While sanctuary policy does not prevent federal immigration officials from enacting their responsibilities, it can protect state and local officials from being forced to assist them. Today, hundreds of cities and roughly a dozen states across America have enacted sanctuary policy and other efforts to abolish ICE from their communities.

Protesters confront police following recent raids by ICE and Department of Homeland Security (DHS) agents on June 8, 2025 in Los Angeles. This marked the third day of unrest as thousands of protesters against recent immigration raids took to the streets of downtown Los Angeles to voice their opposition. (Photo by Zhang Shuo/China News Service/VCG via AP)
Protecting the individual rights of those targeted by ICE is also crucial. Regardless of immigration status, anyone on American soil is guaranteed certain Constitutional rights, and dozens of national, state, and local organizations have developed know-your-rights campaigns to help undocumented residents and allies understand those rights in the case of an encounter with immigration enforcement.

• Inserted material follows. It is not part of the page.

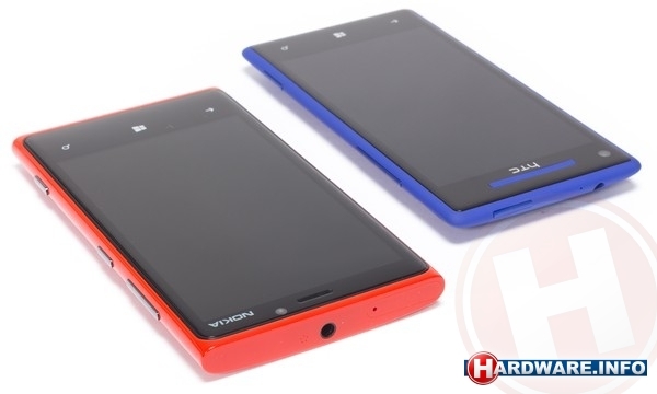 Of het de invloed van Windows (Phone) 8 is, waarbij op het startscherm gebruik gemaakt wordt van felgekleurde tiles weten we niet, maar zowel HTC als Nokia heeft ervoor gekozen hun high-end Windows Phone 8 toestellen beschikbaar te maken in sprekende kleuren. HTC houdt het met de 8X vooralsnog beperkt tot zwart en donkerblauw, maar Nokia’s Lumia 920 is behalve in het zwart ook te koop in wit, rood en geel. Opvallende kleuren om een statement mee te maken. Wij hadden voor onze review de beschikking over de blauwe versie van de HTC 8X en de rode Lumia 920.

These organizations, like the National Immigrant Justice Center and American Immigration Lawyers Association, advocate using ICE’s online detainee locator, employing the right to remain silent, refusing search without probable cause or warrant, asking for home-search warrants signed by judges, and maintaining the right to a lawyer bond hearing before an immigration judge, among others.
Further, mutual aid networks and other grassroots local efforts dedicated to supporting at-risk community members provide services like grocery drop-off, educational opportunities, bond assistance, legal representation, and emergency funds for individuals struggling to pay their bills due to detained family members or loss of employment. Networks have sprung up all over the country, including in Los Angeles.

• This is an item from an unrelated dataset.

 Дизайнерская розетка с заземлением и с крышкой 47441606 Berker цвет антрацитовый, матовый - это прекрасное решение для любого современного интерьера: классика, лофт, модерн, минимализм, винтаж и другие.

Community alert systems can likewise protect vulnerable individuals. Programs like ICE in my Area and ICEBlock allow users to report ICE sightings in their neighborhoods so that others can protect themselves from physical encounters with immigration agents.
The abolitionist efforts against slave patrol systems in the South prove that both political advocacy and grassroots community building are critical to protecting those against the whims of an unchecked federal government driven by prejudice and cruelty. Some 200 years later, gravely similar efforts to rein in federal overreach and abolish ICE are appearing again as a new generation faces all-too-familiar threats to life, liberty, and the pursuit of happiness in Trump’s America.